This opinion piece argues that PBM consolidation is actively blocking lower-cost biosimilars from reaching patients. With three PBMs controlling most of the market, the author points to anticompetitive practices that inflate prices and limit access, despite mounting regulatory scrutiny.
➡ Why it matters: PBM reform is increasingly tied to specialty drug affordability. Without structural change, biosimilars may not deliver the financial impact employers are expecting.
A compounding pharmacy has filed an antitrust lawsuit alleging Eli Lilly and Novo Nordisk used exclusivity agreements to suppress access to lower-cost, customized GLP-1 alternatives. The case highlights rising tension between Big Pharma and compounders that filled gaps during recent shortages.

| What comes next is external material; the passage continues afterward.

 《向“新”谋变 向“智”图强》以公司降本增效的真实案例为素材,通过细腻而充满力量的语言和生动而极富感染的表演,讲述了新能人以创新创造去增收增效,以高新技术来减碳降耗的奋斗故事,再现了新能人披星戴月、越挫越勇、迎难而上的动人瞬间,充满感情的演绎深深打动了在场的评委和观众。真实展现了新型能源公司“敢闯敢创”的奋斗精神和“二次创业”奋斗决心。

➡ Why it matters: Legal challenges could influence how employers, providers, and patients navigate GLP-1 access when branded options remain costly or restricted.

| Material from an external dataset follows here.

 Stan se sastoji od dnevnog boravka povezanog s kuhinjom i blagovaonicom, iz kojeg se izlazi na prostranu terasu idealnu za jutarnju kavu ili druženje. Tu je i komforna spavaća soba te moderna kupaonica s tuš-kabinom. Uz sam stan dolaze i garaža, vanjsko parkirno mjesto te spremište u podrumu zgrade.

Drugmakers are accelerating U.S.-based manufacturing investments in response to tariffs, supply chain risk, and pricing pressure. These moves aim to improve reliability, shorten regulatory timelines, and align with pricing agreements tied to domestic production.

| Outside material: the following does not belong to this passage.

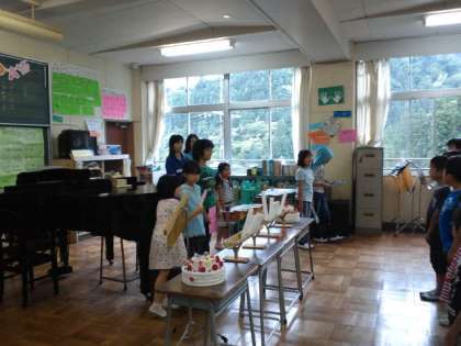 先週の木曜日にお誕生日集会がありました。今回は6・7月生まれの人の誕生日会でした。その様子を紹介します。

➡ Why it matters: Onshoring may improve supply stability and pricing predictability, but it also signals how trade policy is reshaping pharmaceutical economics.
The administration’s proposed “Great Healthcare Plan” focuses on MFN drug pricing, expanded direct purchasing via TrumpRx, HSA-based subsidies, and plain-language price transparency across insurers, providers, and PBMs.
➡ Why it matters: If enacted, these proposals would significantly alter how prescription drugs are priced, purchased, and disclosed, with downstream effects for employer plans.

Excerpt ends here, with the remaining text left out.